Parallel to the argument for military withdrawal, there is growing muttering – particularly from rightwing commentators in the US – about the extent to which the west should pour resources into the reconstruction of Afghanistan.

Nation building is expensive and open-ended. Donor countries have pledged $67bn to Afghan development since 2002 (although only a fraction has arrived) and, while there has been some progress, western cash has also brought massive corruption. Last week's brutal killing of UN workers following the burning of a copy of the Qur'an in Florida highlights how much a hostage to fortune any form of western involvement in Afghanistan can be.

Those who want to wash their hands of Afghanistan suggest that it is barely a nation anyway. Its geography is impossible – both a thoroughfare at the crossroads of Asia through which armies have historically trampled and a backwater of near-impassable mountains where the inhabitants of one village rarely meet those of the next.

Its society, too, is fractured – more than 30 languages are spoken, there are scores of ethnic groups and a religious divide that includes a Sunni-Shia split, tiny Hindu and Sikh populations and just one known remaining Jew. Not to mention what seems an incomprehensibly complicated collection of warlike tribes existing in a state of interdependence, rivalry and blood feud. No wonder the bogeyman of the US experience in Somalia is increasingly invoked.
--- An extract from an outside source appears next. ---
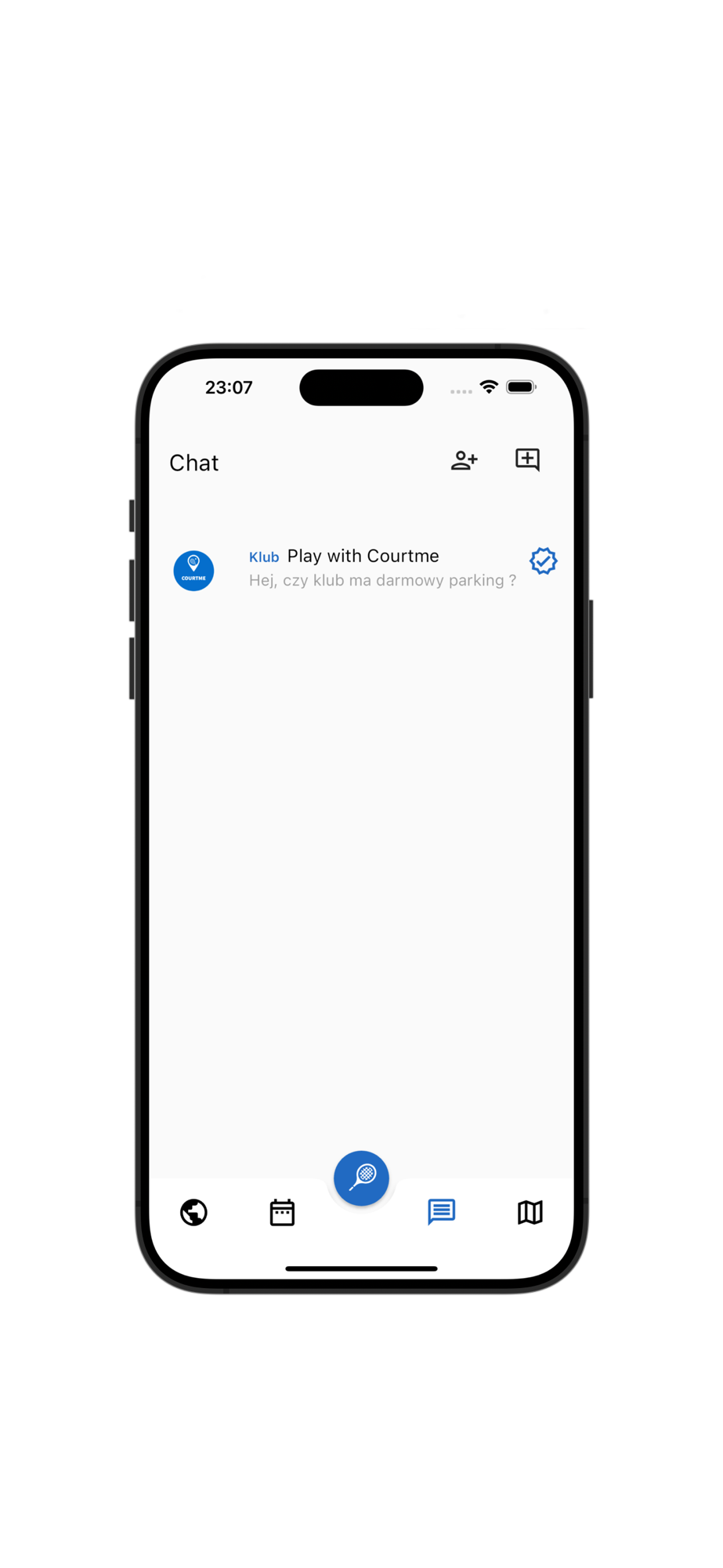 Courtme oferuje również wbudowany czat pozwalający na komunikację w czasie rzeczywistym między klientem, klubem i trenerem! Nie masz czasu dzwonić lub szukać innych możliwości kontaktu z recepcją? Napisz na naszym czacie, a pracownik klubu z pewnością odpowie tak szybko jak to tylko możliwe lub wręcz rozwiąże Twój problem bez zbędnego angażowania Cię w proces.

And yet, despite its divisions and contradictions, I would argue passionately that Afghanistan is not like Somalia. It has integrity as a nation state, at least in the minds of its citizens. In 2009, for instance, in an ABC-BBC poll, 72% of the population labelled their identity as Afghan first, before their ethnicity.

Afghanistan's history as a modern state stretches back to 1747, when Ahmad Shah, a 25-year-old from Kandahar, showed his flair for working the tribal system at the loya jirga, the grand council. He was elected as leader of all the tribes. By 1751 his army had conquered the whole of present-day Afghanistan and annexed parts of India and Iran. In the process, he developed the concept of Afghaniyat – "Afghanness" – a kind of super-identity that transcends one's family and tribal affiliations.

Since then nobody, from the British during the Great Game to the Soviet Union, has successfully colonised Afghanistan. And as the ABC News poll shows, the concept of Afghaniyat is as strong as ever. Today, Afghanistan's democratic parliament is based on the jirga system and is open to all ethnic groups. The massive turnout and optimism of the 2004 presidential elections; Abdullah Abdullah's serious challenge to Karzai despite the shameful election fraud in 2009; the brave individuals who use parliament to condemn corruption and war crimes – all these were inconceivable during the dark days of the Taliban.

None of this would be possible without continuing western support. The population is traumatised by more than 30 years of war, which has claimed more than a million lives. People living in these circumstances can't be expected to react moderately at all times, and the killing of the UN workers by anti-western insurgents shows that they do not. Is it then reasonable to expect them to rebuild a civil society without outside help?

The move to leave Afghanistan militarily makes it all the more important to support its political, educational, economic and physical infrastructure. Rebuilding Afghanistan will require a firm will, patience beyond belief and a long-term financial investment. But foreigners building roads and schools will always be more welcome than foreigners bearing guns.

By Saira Shah, a documentary maker. Her films include Beneath the Veil.